Safeway may have seen good results in the first year but our experience shows that there is a substantial amount of confusion in the first year in moving to an HRA plan. There is some natural cost savings as employees are confused about the new plan and how it works resulting in reduced services. However, in year 2 they get comfortable and fully understand that they have $1,000 to spend and will go back to prior behaviors unless there is a substantial supplemental strategy focused on employee education, wellness, disease management and treatment decision support.
I hope Safeway has found the magic bullet. I also fully support Mr. Burd in all that he is doing. I just think he need to be careful in extrapolating from a very preliminary data set.
Does anybody recall how this program was initiated? I think it had to do with a strike and the aftermath of it. Safeway can hold out as long as it takes for its agendas to take place. Lets review
1. Union strikes based on healthcare and wages.
2. Companies band together and offset losses through colusion.
3. After over 100 days workers agree to terms on a contract that was worse than what was offered originally.
My opinion is that Steve Burd wanted them to strike, write the losses off and then settle with the unions for a lower price thus reducing coverage for thousands.
I know for a fact they are hiring people with big problems and it is manifesting itself now. They have no medical coverage for six months while they are paying union dues the entire time, thus creating a constant turnover of staff with no coverage. DO ANY OF YOU WANT TO HAVE THEIR FOOD HANDLED BY A CONSTANT INFLUX OF PEOPLE WITH LITTLE OR NO HEALTHCARE? I hope not because if this continues it will spread illness and disease throughout this country quicker than “free love”.

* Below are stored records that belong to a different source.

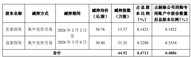 宏泰投资减持期间共减持13.57万股,套现417.41万元;益泰投资减持期间共减持31.35万股,套现953.04万元;宏泰投资、益泰投资共减持44.92万股,套现1370.45万元。
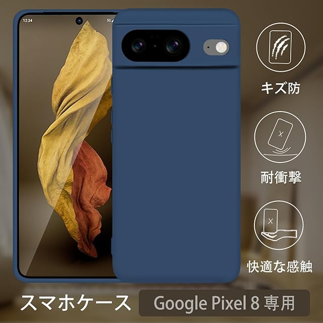 商品名:inxhey Google Pixel8 ケース シリコン 携帯カバー グーグル ピクセル 8 ケース 耐衝撃 スマホケース ストラップホール付き シリコーン マット質感 ソフトケース 持ちやすい 衝撃吸収 柔軟 軽量 薄型 携帯ケース (ブルー)
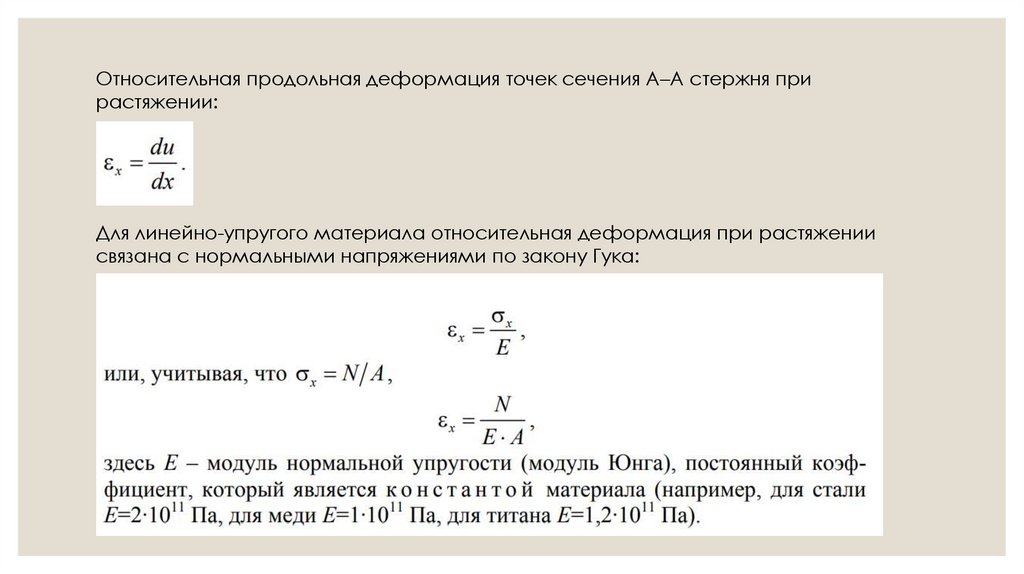 центр тяжести его сечения. Рассмотрим стержень упруго растянутый центрально

4. Co-payments have risen, gas has risen, milk skyrocketed, food and living exspenses have increased substantially over the past decade. As I perused through some old paystubs from Safeway, my wage has increased 3 dollars an hour in 10 years (33 cents/year) and I run a meat market. So if some of us aren’t running around like robots anticipating your needs or thanking you by last name please realize that the coorperate objective is not looking out for our best intrest, it is to minimize its risk for shareholder (corp. board) interests to maximize value of the stock. If this means firing, eliminating jobs etc., it will be done.
Just take a look at the pre-packed meat that is being forced into the stores. Did you know the packages are primarily infused with carbon-dioxide (toxin) to keep its color appeal? That package can stay in a 70 degree temperature for a day and still retain its color thus fooling the consumer its freshness. It is also probably being cut by an undocumented worker.
If people fail to realize the paths that their food makes its way to their tables it enables these types of companies to deflect blame elsewhere, and at that point who are you going to believe.
All working people deserve the care needed to be healthy yet it seems the HMO’s and others like it are all in it for a profit. I thought insurance companies were to break even and if there was a surpluss, refund participants fees. Instead we are all funding their FUN.
Wanda wrote @ November 14th, 2007 at 8:39 pm
There seems to be little current news of Safeway’s healthy incentive program. There is rumor that the program has been cancelled and everyone working on it was fired. Is that true?
Are other programs of the same type in trouble? It seems so logical an approach to stem the rise of healthcare costs.